Small business capital formation
Small and medium enterprises (SMEs) play a significant economic role in Alberta.
SMEs have a number of potential funding sources, including personal funds, trade credit, bank or credit union loans, and government grants. Another potential funding source is the selling of ‘securities’ such as shares, bonds or other interest in the business, or part of its assets or revenues, to investors. Securities law provides the regulatory framework in which the sale of these securities can occur, in a manner designed to protect investors but still foster a fair and efficient capital market.
Securities laws apply to an “issuer” i.e., a person or company, however organized, that is selling its debt, equity or some other “security.” The definition of “security” is broad and includes various types of investments. Securities law imposes an obligation on the issuer of a security to prepare, file and deliver to investors a comprehensive disclosure document called a prospectus that is intended to provide investors with sufficient information to make an informed investment decision. However, in many cases, issuers can comply with the terms of exemptions from the prospectus requirement to raise money.
Issuers that file a prospectus or otherwise become a “reporting issuer” are subject to various ongoing or continuous disclosure obligations. Because ongoing information is made available to prospective investors, secondary trading of the securities of reporting issuers is generally permitted.
Securities laws also impose a registration requirement (essentially a licensing regime) on any person or company that is (or holds themselves out as being) “in the business” of trading or advising in respect of securities or derivatives. Some examples of parties that would be subject to this registration requirement include stock brokers/securities dealers, mutual fund salespersons, portfolio managers and crowdfunding portals. The registration requirement also applies to the manager of an investment fund. In addition, “marketplaces” that facilitate the secondary trading of securities or derivatives are subject to various securities regulatory requirements.
Securities law includes prohibitions against certain behaviour in connection with the trading of securities, for example, fraud, misleading statements, market manipulation, unfair practices and insider trading.
Crowdfunding
Crowdfunding is where individuals or businesses can raise small amounts of money from a large number of people, typically through the internet and often through social media. The objective is to raise enough money to carry out a specific project, or in some cases, raise money for a particular cause or effort such as disaster relief. There are different types of crowdfunding, such as by donation, pre-selling of products and securities crowdfunding.

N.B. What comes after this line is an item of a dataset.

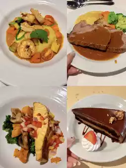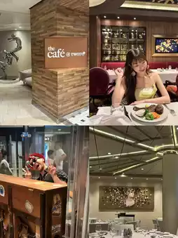 • Dinner 🍖: Recommend the main dining halls and Solarium Bistro. There are 4 main restaurants (The Grande, Chic, Silk, American Icon), with identical dishes but different atmospheres. Menus change daily, always including steak and shrimp. Solarium Bistro is more refined (reservation required).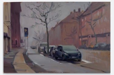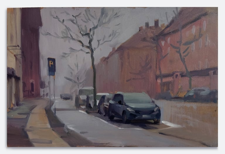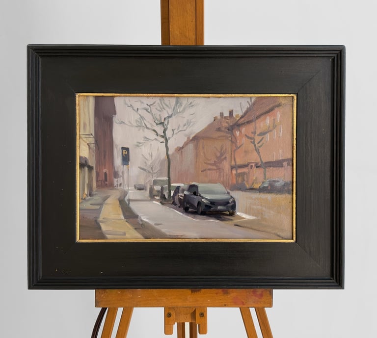 The first outdoor painting session of the season, February 2025. Misty weather always helps with subject selection—simplifying details and excluding unnecessary count of elements. The scene feels well layered and precomposed, distances compress and become short. Presented in a classic black frame with a gilded inner edge, the piece balances contemporary subject matter with traditional presentation.

Crowdfunding campaigns sometimes result in the issuance of "securities" like loan agreements, promissory notes, shares and units in exchange for investing. These transactions must all comply with securities laws. It's not just the securities that must comply either - if someone has been helping the person or company find investors, they may also be subject to securities laws and may need to be registered.
While many campaigns are legal and beneficial, they can still have significant adverse effects on investors. Even if the crowdfunding deal is structured appropriately, it's incredibly important to determine your goals and risk tolerance before getting involved, since crowdfunding has an inherent risk like any other investment.

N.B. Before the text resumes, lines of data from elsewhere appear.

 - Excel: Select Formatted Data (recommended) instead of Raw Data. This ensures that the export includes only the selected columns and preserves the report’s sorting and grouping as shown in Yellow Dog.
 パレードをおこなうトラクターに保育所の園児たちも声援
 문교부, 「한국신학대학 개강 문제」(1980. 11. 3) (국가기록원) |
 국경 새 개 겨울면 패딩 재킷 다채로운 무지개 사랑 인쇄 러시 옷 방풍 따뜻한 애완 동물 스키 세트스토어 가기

Economic Development Blanket Order
The ASC adopted Blanket Order 45-520 to facilitate access to capital for cooperatives and corporations that qualify as community economic development corporations (CEDCs) in Alberta. The blanket order offers CEDCs a limited exception to the financial statement requirements of the OM exemption. The blanket order is designed to advance the CEDC program by reducing costly financial reporting obligations for small, community businesses, facilitating their access to capital while providing investor protection.